DATA UNDER STUDY
☆ ☆ ☆

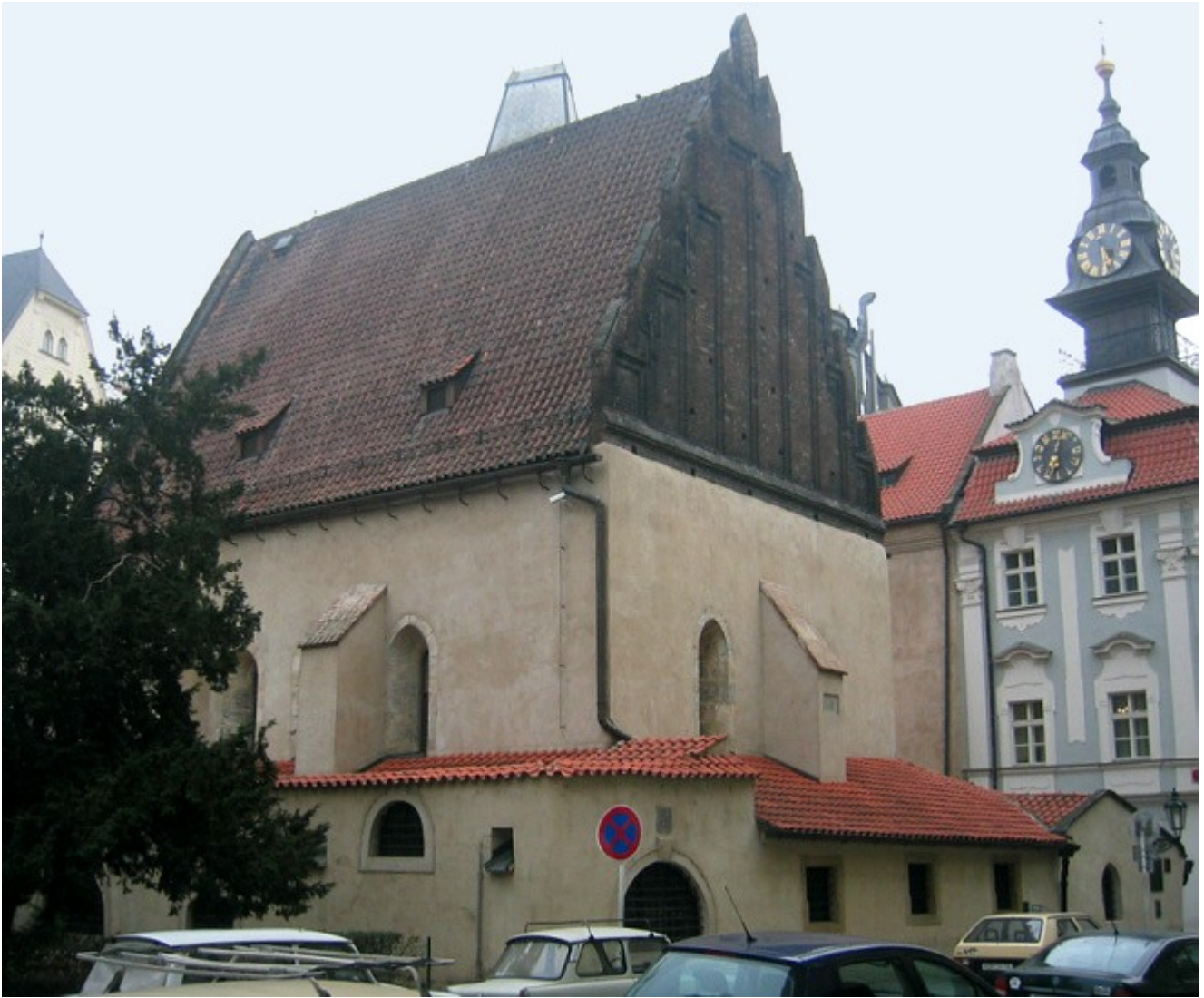
Альтной Шуль – синагога Мааралья

В 5358 /1598/ году Маараль снова возвратился в Прагу, и на этот раз окончательно. Несмотря на то, что и раньше он был общепризнанным духовным главой пражских евреев, лишь теперь, в возрасте восьмидесяти шести лет, он впервые стал официальным раввином города.
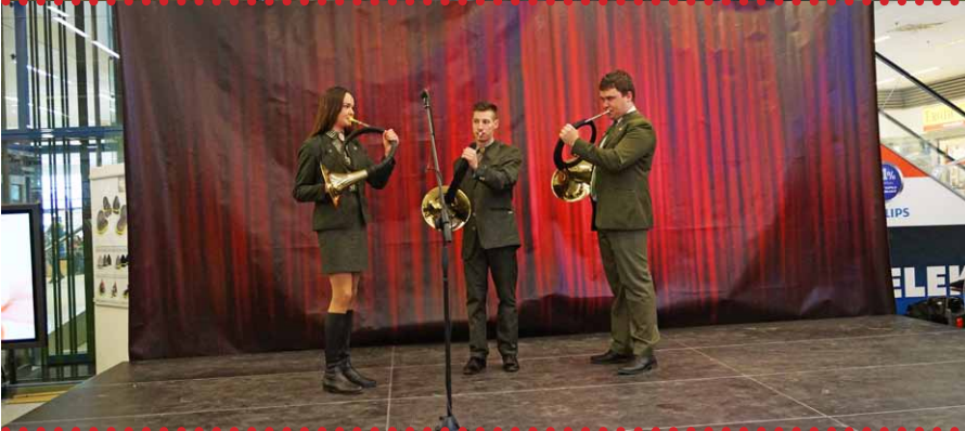
Vystúpili aj lesnícki trubači
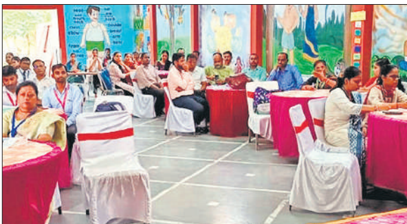
राजेंद्र गिरि मेमोरियल एकेडमी की कार्यशाला में मौजूद विभिन्न विद्यालयों के शिक्षक।
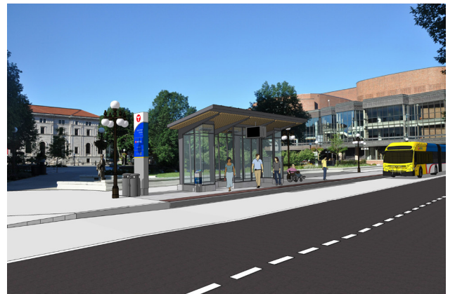
Estación Rice Park en el centro de St. Paul
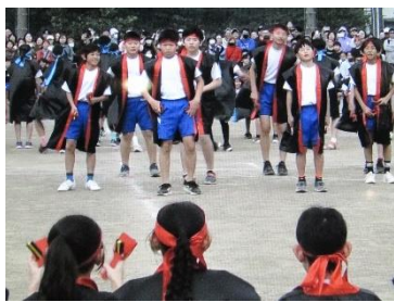
大岡南小動画できっこないをやらなくちゃ/ソーラン節
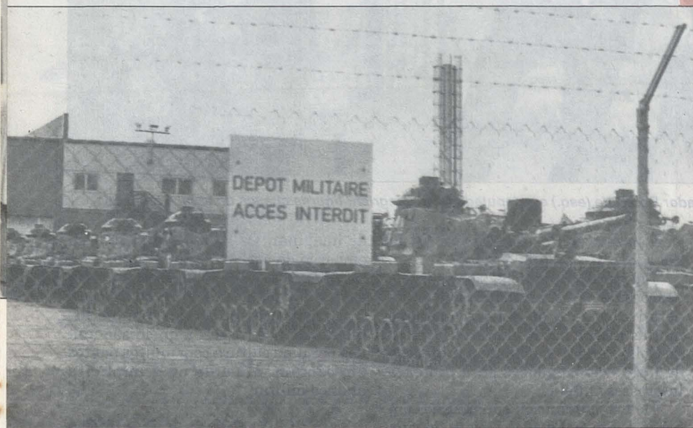
A ampliação da Otan para incorporar os países do Leste envolve complexos fatores
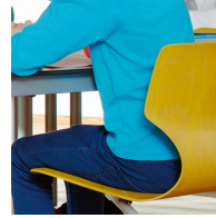
Ergonomisch und orthopädisch angepasste Schalenform
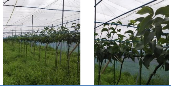
将来的には作業性の良い樹形になる

八千代町では、果樹産地計画を作成し、果樹経営支援対策事業（優良品目・品種への転換、改植・新植）を活用することで、「恵水」を中心としたジョイント栽培に取り組んでいます。計画では、慣行の幸水40aを3年間かけてジョイント栽培の恵水30a、幸水10aに改植する予定です。
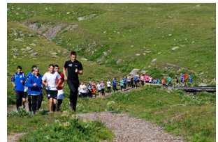
Trainingslager in St. Moritz
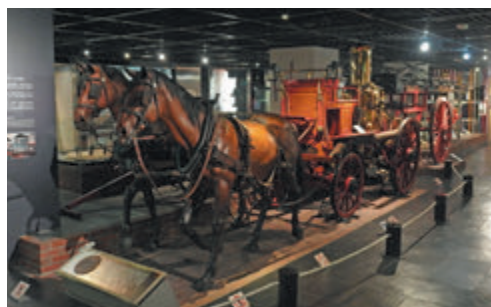
▲馬牽き蒸気ポンプ

☆ ☆ ☆

TASK BRIEF
Skip all pictures. Copy exactly the lines from the one containing "将来的には作業性の良い樹形になる" through the end of the records, both ends included.

RESULT
将来的には作業性の良い樹形になる

八千代町では、果樹産地計画を作成し、果樹経営支援対策事業（優良品目・品種への転換、改植・新植）を活用することで、「恵水」を中心としたジョイント栽培に取り組んでいます。計画では、慣行の幸水40aを3年間かけてジョイント栽培の恵水30a、幸水10aに改植する予定です。
Trainingslager in St. Moritz
▲馬牽き蒸気ポンプ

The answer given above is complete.